TASK – Retype the lines below exactly, but only those from the line that has "TDM Розетка 2П+З" through the line that has "Small Faux Flowers". Omit every picture.

Start of DATA PROVIDED

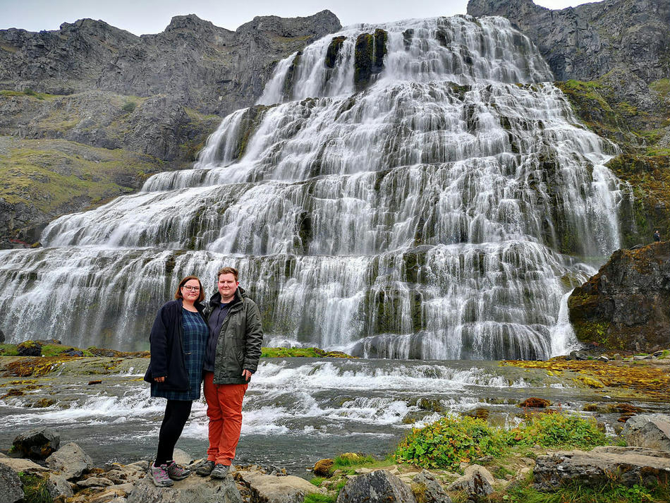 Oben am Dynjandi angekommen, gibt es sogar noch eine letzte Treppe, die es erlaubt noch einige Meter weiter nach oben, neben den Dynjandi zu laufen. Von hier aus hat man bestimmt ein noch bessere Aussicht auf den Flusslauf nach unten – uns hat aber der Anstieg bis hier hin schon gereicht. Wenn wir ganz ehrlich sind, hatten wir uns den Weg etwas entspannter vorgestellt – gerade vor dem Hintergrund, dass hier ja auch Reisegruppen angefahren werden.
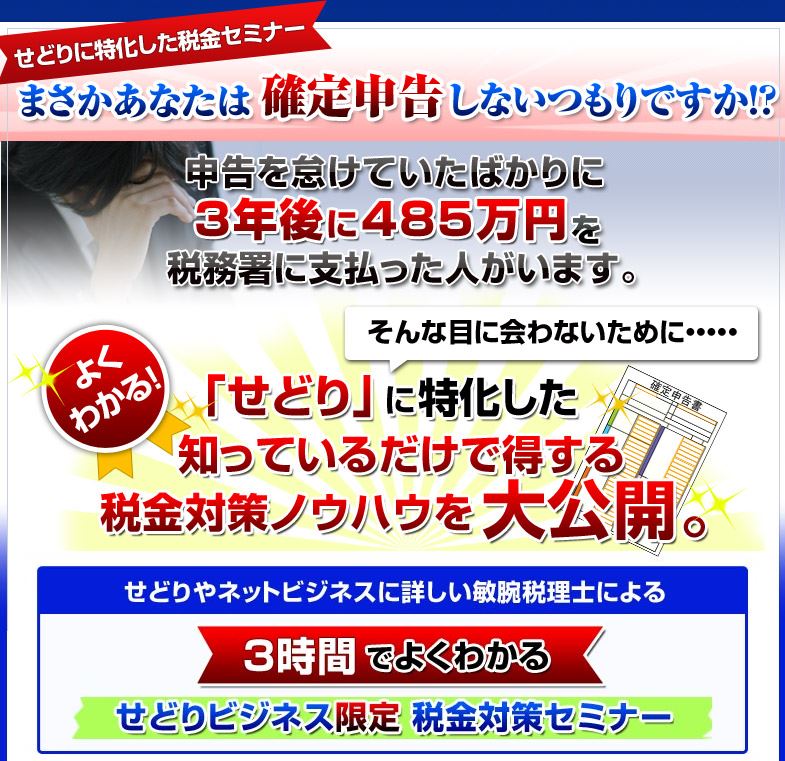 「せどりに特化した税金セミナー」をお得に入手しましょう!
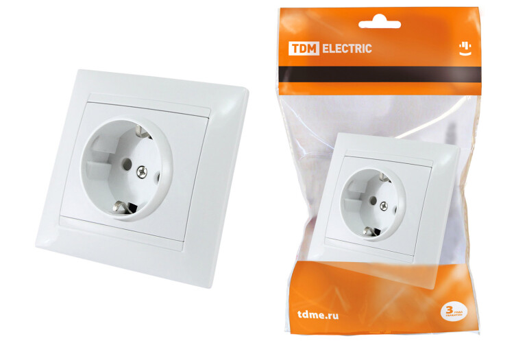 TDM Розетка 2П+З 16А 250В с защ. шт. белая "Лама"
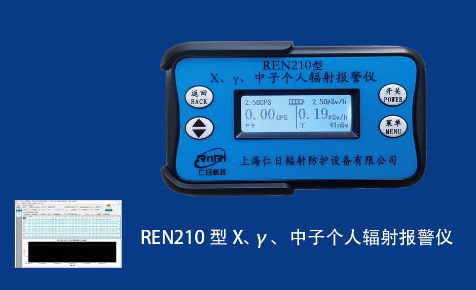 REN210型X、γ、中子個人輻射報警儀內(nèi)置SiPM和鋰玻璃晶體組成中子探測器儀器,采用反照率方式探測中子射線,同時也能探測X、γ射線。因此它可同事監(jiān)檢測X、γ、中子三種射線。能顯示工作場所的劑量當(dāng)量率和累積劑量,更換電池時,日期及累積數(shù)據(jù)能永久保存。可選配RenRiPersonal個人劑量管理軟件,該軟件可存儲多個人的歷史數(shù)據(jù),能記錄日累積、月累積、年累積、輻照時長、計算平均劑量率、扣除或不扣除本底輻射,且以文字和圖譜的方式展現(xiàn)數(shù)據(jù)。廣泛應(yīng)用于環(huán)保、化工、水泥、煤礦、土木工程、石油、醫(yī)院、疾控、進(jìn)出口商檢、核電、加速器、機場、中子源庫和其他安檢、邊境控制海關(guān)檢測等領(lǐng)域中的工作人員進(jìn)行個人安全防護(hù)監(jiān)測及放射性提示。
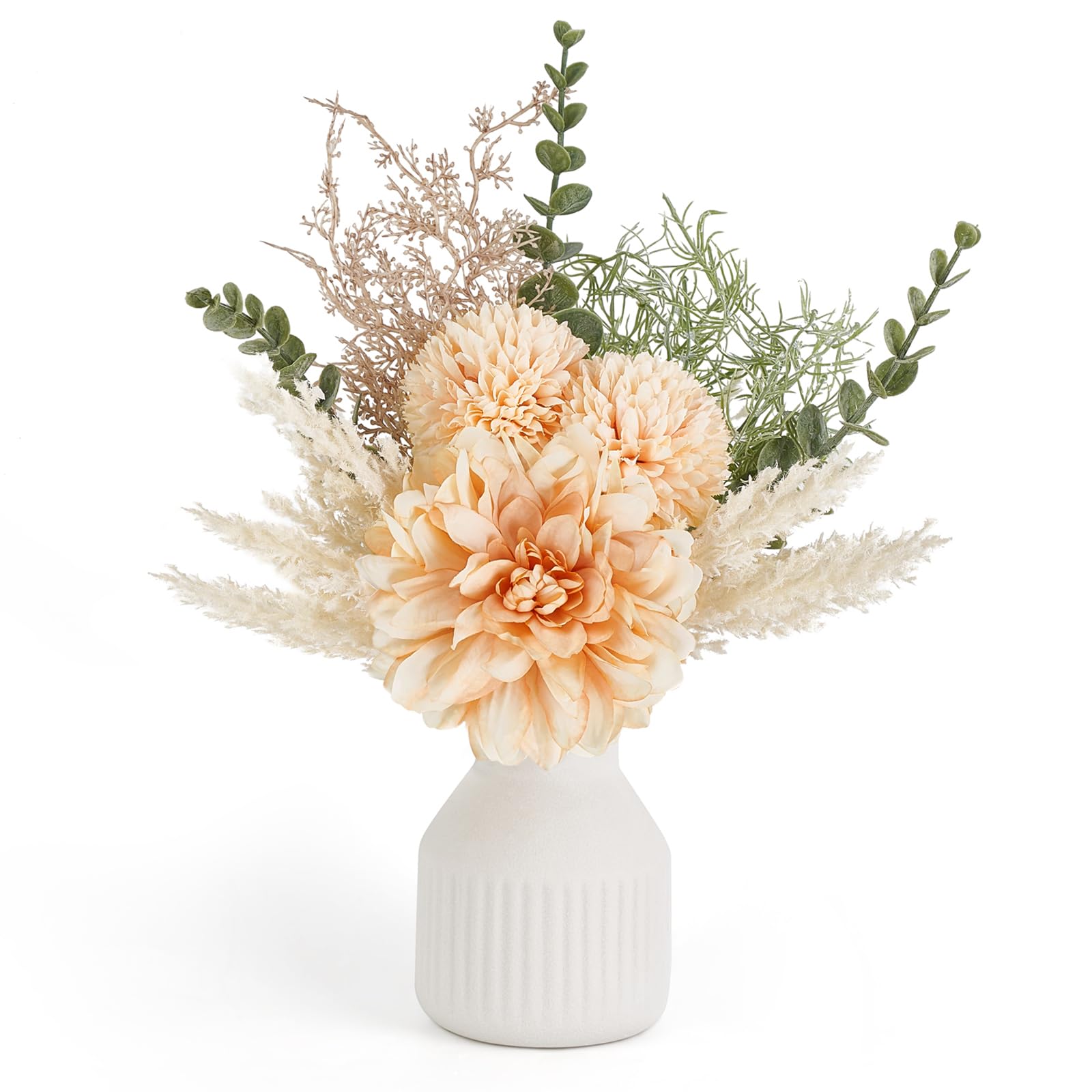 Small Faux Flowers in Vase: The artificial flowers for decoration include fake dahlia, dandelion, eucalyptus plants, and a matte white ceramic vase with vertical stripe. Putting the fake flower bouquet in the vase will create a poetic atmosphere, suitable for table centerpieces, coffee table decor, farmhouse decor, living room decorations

End of DATA PROVIDED
Start of DATA PROVIDED

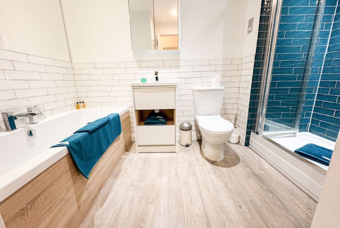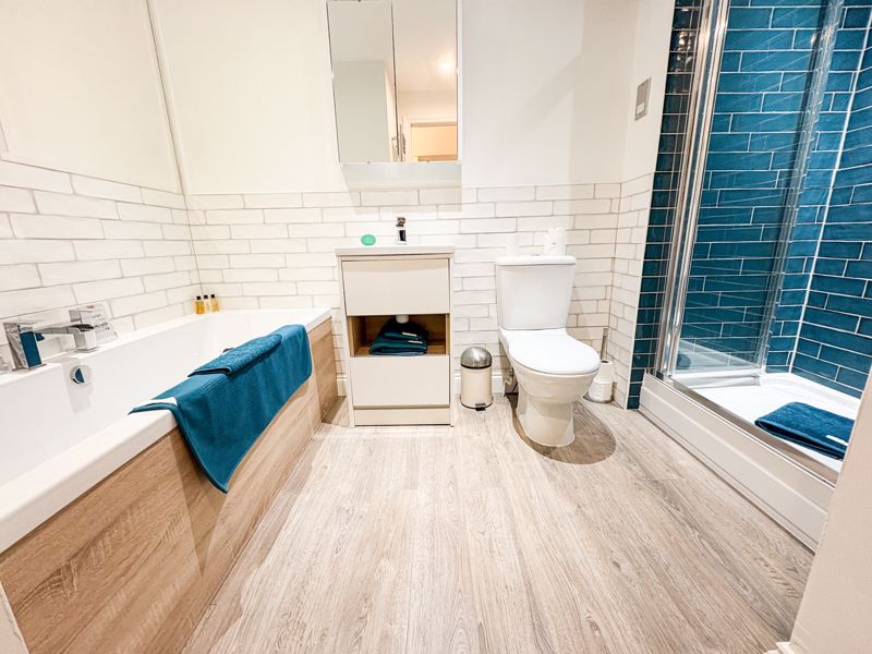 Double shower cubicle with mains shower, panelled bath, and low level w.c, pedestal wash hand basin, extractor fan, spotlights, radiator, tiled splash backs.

End of DATA PROVIDED

WRITTEN RESPONSE –
 TDM Розетка 2П+З 16А 250В с защ. шт. белая "Лама"
 REN210型X、γ、中子個人輻射報警儀內(nèi)置SiPM和鋰玻璃晶體組成中子探測器儀器,采用反照率方式探測中子射線,同時也能探測X、γ射線。因此它可同事監(jiān)檢測X、γ、中子三種射線。能顯示工作場所的劑量當(dāng)量率和累積劑量,更換電池時,日期及累積數(shù)據(jù)能永久保存。可選配RenRiPersonal個人劑量管理軟件,該軟件可存儲多個人的歷史數(shù)據(jù),能記錄日累積、月累積、年累積、輻照時長、計算平均劑量率、扣除或不扣除本底輻射,且以文字和圖譜的方式展現(xiàn)數(shù)據(jù)。廣泛應(yīng)用于環(huán)保、化工、水泥、煤礦、土木工程、石油、醫(yī)院、疾控、進(jìn)出口商檢、核電、加速器、機場、中子源庫和其他安檢、邊境控制海關(guān)檢測等領(lǐng)域中的工作人員進(jìn)行個人安全防護(hù)監(jiān)測及放射性提示。
 Small Faux Flowers in Vase: The artificial flowers for decoration include fake dahlia, dandelion, eucalyptus plants, and a matte white ceramic vase with vertical stripe. Putting the fake flower bouquet in the vase will create a poetic atmosphere, suitable for table centerpieces, coffee table decor, farmhouse decor, living room decorations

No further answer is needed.